* [Information supplied]:
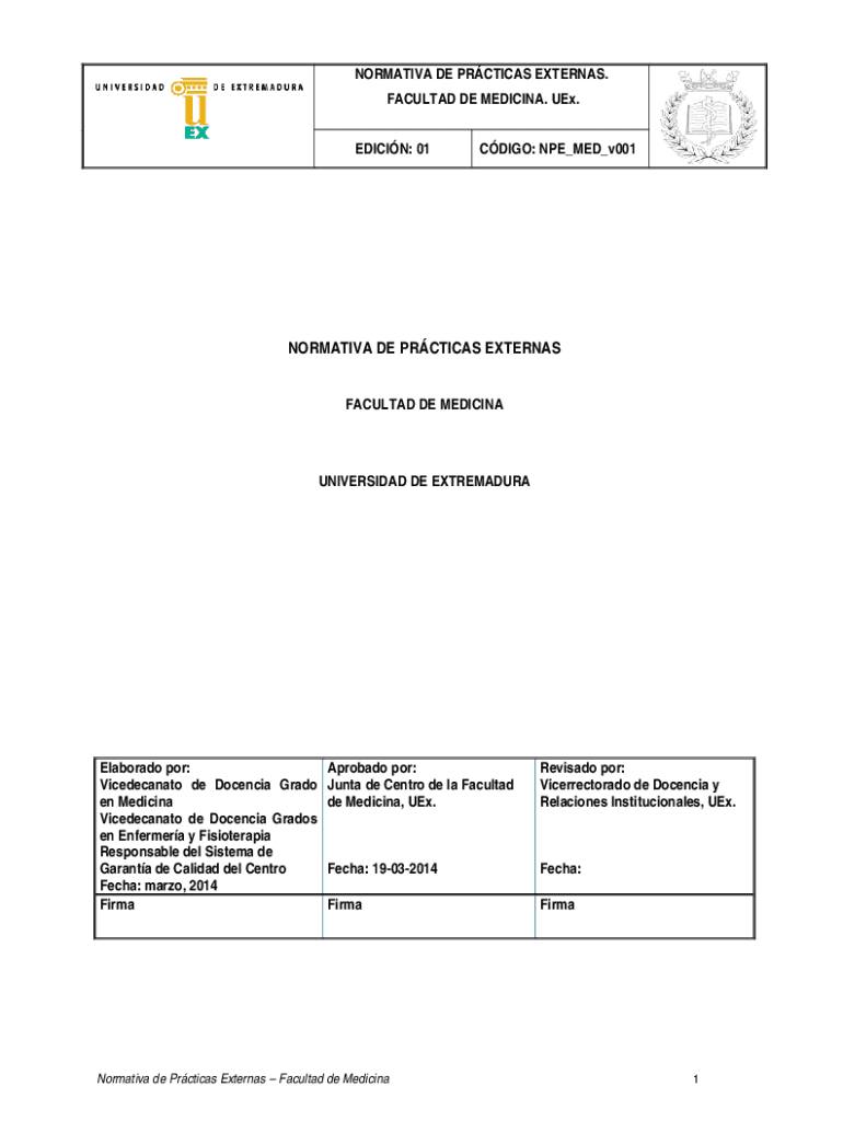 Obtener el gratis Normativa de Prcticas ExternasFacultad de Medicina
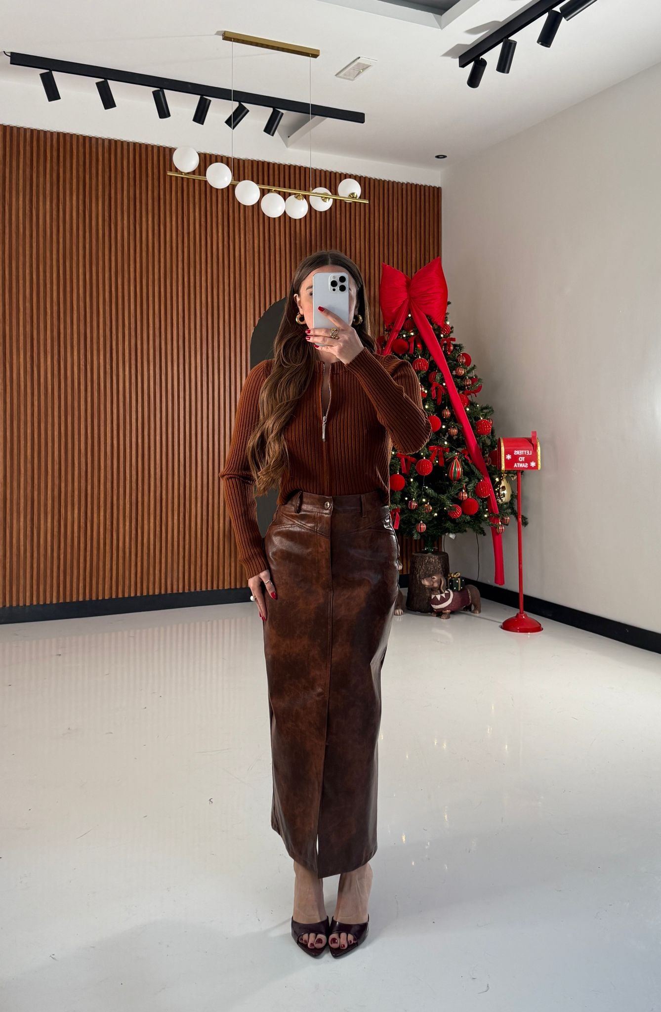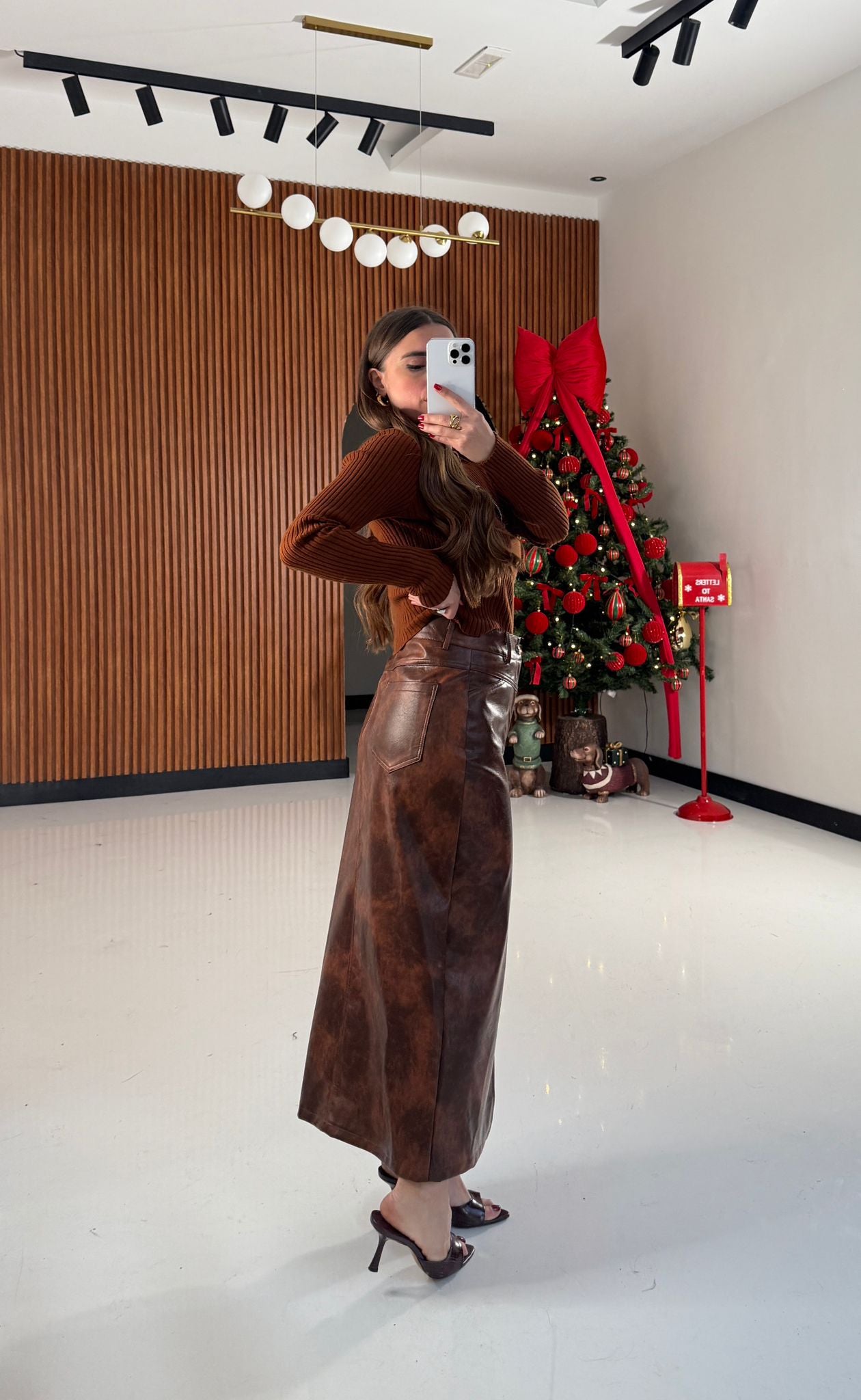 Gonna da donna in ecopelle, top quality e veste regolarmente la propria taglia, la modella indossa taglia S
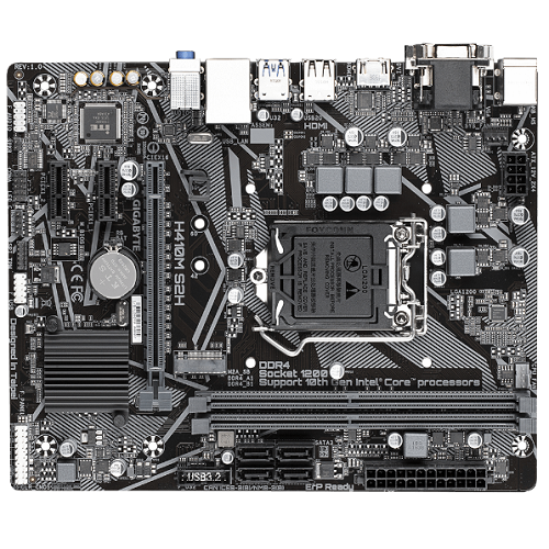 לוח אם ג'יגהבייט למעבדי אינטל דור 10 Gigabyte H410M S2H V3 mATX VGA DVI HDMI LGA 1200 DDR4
--
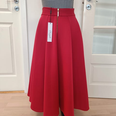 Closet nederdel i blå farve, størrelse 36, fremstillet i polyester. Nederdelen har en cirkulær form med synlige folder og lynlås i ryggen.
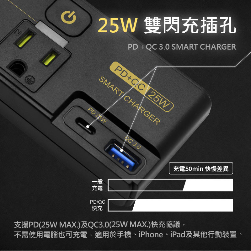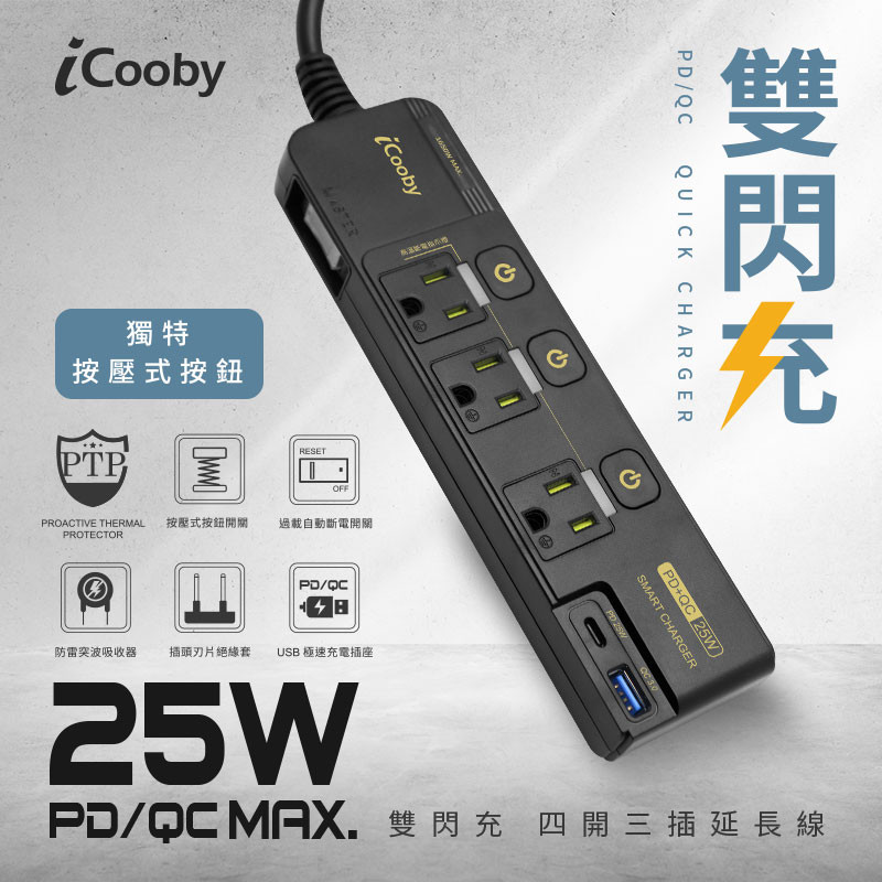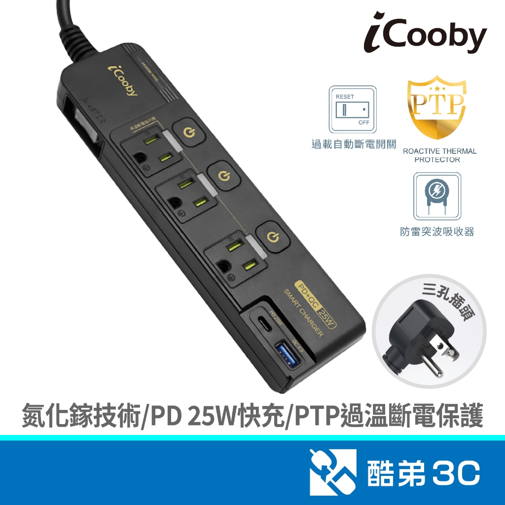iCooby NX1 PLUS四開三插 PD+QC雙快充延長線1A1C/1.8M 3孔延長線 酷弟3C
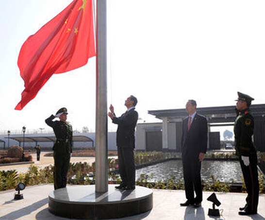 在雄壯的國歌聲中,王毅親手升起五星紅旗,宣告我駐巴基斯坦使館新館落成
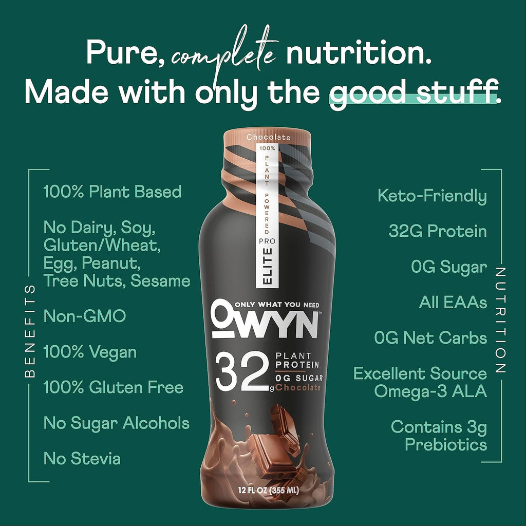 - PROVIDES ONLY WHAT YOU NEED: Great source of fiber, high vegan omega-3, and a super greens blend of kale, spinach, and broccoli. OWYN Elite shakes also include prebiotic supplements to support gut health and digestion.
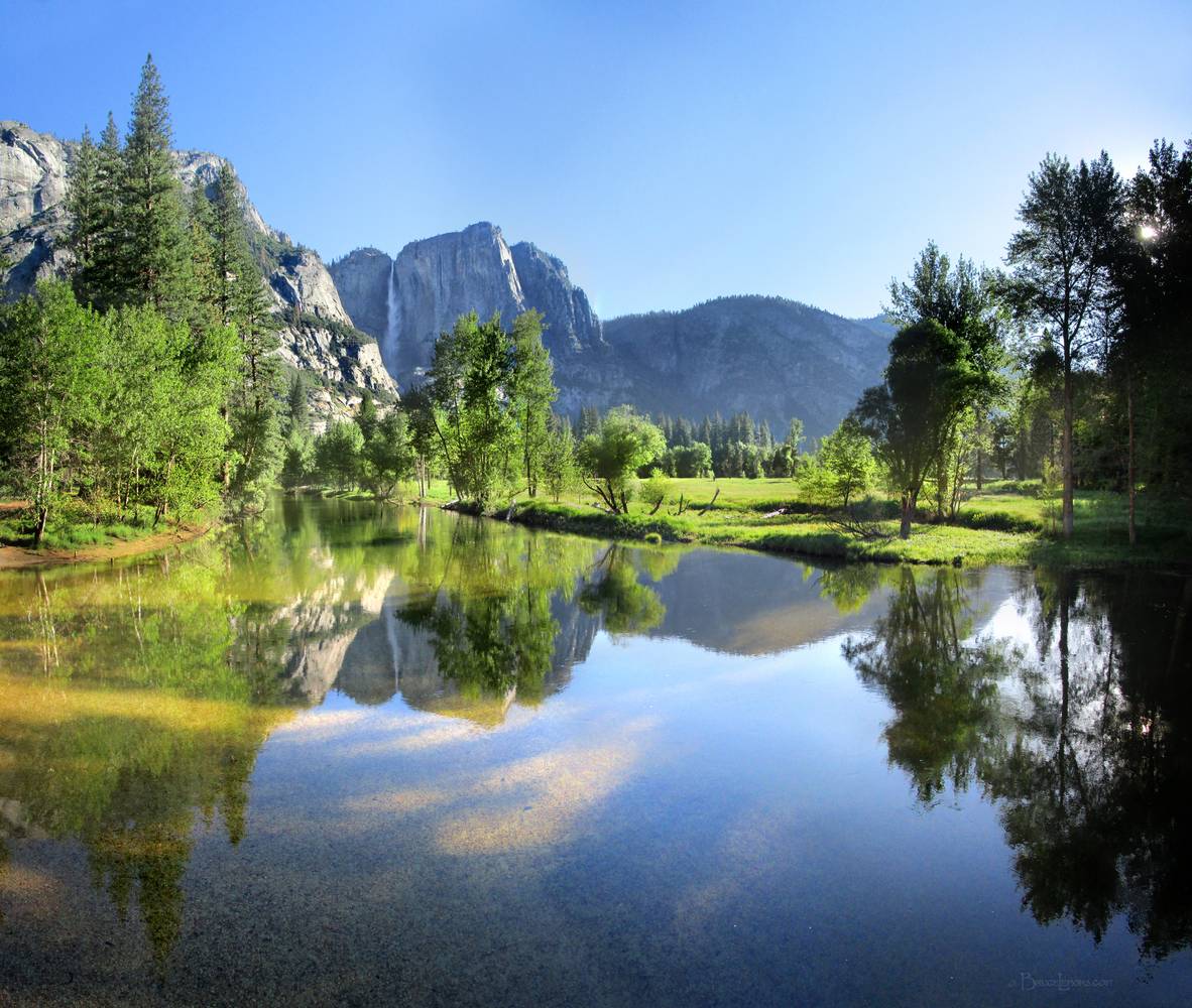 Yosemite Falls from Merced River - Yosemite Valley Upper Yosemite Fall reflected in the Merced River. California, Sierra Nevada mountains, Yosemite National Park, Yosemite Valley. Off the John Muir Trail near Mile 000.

* [Work request]: Look above for the line with "- PROVIDES ONLY", then give again exactly every line from there through the line with "Yosemite Falls from", skipping the pictures.

* [Your solution]:
 - PROVIDES ONLY WHAT YOU NEED: Great source of fiber, high vegan omega-3, and a super greens blend of kale, spinach, and broccoli. OWYN Elite shakes also include prebiotic supplements to support gut health and digestion.
 Yosemite Falls from Merced River - Yosemite Valley Upper Yosemite Fall reflected in the Merced River. California, Sierra Nevada mountains, Yosemite National Park, Yosemite Valley. Off the John Muir Trail near Mile 000.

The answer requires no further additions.